Oman is not party to the negotiations among Iran, the US, Britain, China, France, Russia, the European Union and Germany.

But it is unique among the Gulf states for the close ties it maintains with Iran, having hosted high-level nuclear talks earlier this month and served as the site of secret US-Iranian gatherings dating back to 2012. Those earlier discussions laid the groundwork for an interim nuclear agreement reached a year ago, which the so-called P5”1 countries now hope to cement with a comprehensive accord in Vienna.

Details of Kerry’s meetings with Bin Alawi were not immediately clear and US officials were tight-lipped about any role Oman might play beyond that of an intermediary.

In Washington, President Barack Obama’s nominee to be Kerry’s deputy at the State Department said he believed it would be difficult to meet the deadline.

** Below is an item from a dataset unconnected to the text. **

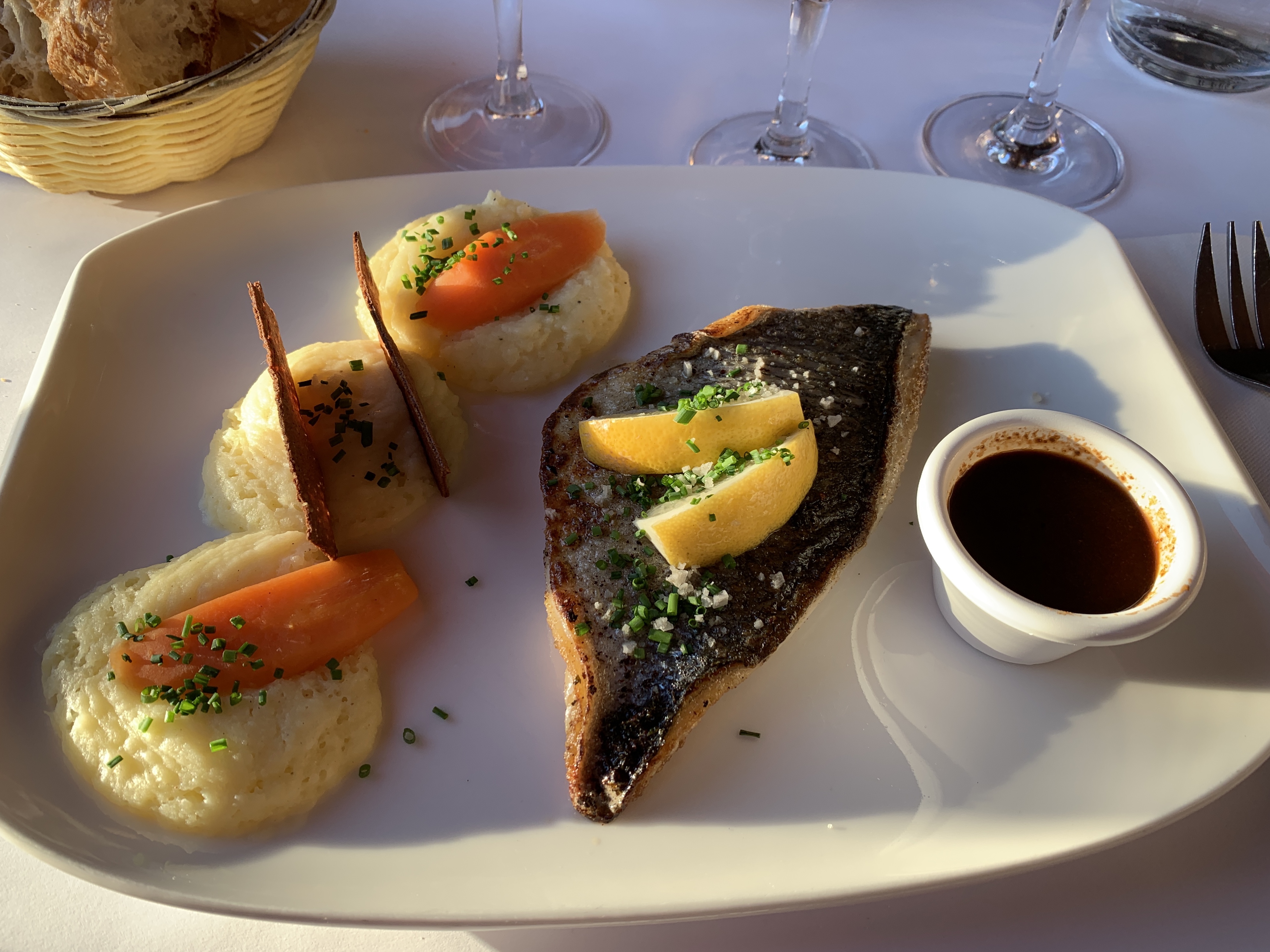 Tout a été parfait ! Le poisson (dos de cabillaud) était très bon et la sauce vraiment excellente ! La purée un régal également. Que dire du service, j'ai rarement vu des serveurs aussi gentils, efficaces et qui vous regardent quand ils vous parlent ! (Malgré un midi où il y avait du monde, ils ont été très pro). Vraiment bravo à cette équipe. Nous avons tellement bien mangé que nous avons hâte de revenir à Cabourg. À bientot

“It’s not impossible,” said Tony Blinken, currently Obama’s deputy national security adviser. “It depends entirely on whether Iran is willing to take steps it must take to convince us, to convince our partners that its program would be for entirely peaceful purposes. As we speak, we’re not there.”

Peter Wittig, Germany’s ambassador to the US, wouldn’t rule out an extension and said a nuclear deal could lead to better relations between Iran and world powers on regional crises in Syria and Lebanon.

“If these negotiations fail, there won’t be any winners,” Wittig told reporters in Washington.

In Paris, Kerry will meet Saudi Foreign Minister Saud Al Faisal and French Foreign Minister Laurent Fabius. Those meetings are key because French objections last year delayed the adoption of an interim agreement by several weeks, and Saudi Arabia remains deeply concerned about the potential for its arch-rival Iran to win concessions from the West.

The Obama administration also is trying to satisfy the concerns of Republican and many Democratic lawmakers at home.

Republican senators sent a letter to the White House on Wednesday urging the administration against trying to circumvent Congress in any deal with Iran. “Unless the White House genuinely engages with Congress, we see no way that any agreement consisting of your administration’s current proposals to Iran will endure,” said the letter, which was signed by all 45 Senate Republicans.

In a twist, many in Congress who previously opposed further extensions of talks with Iran now see that route as a preferable to an agreement that doesn’t do enough to cut off possible Iranian pathways toward a nuclear bomb.

Republicans in particular want more time so that they can attempt to pass new sanctions legislation that would pressure Iran into greater concessions. Their plan is to bring up a package of conditional penalties after January, when they take the majority, according to GOP Senate aides who weren’t authorized to speak publicly on the matter and demanded anonymity.

Some Democrats are on board with that effort, though Obama has threatened to veto any new sanctions threatening the diplomacy.

Even Israel, which has been among the most hostile to the West’s diplomatic overtures toward Tehran, is suggesting it is amenable to an extension. The option would allow time for a better agreement to be negotiated through additional economic sanctions on Iran, a senior Israeli official said.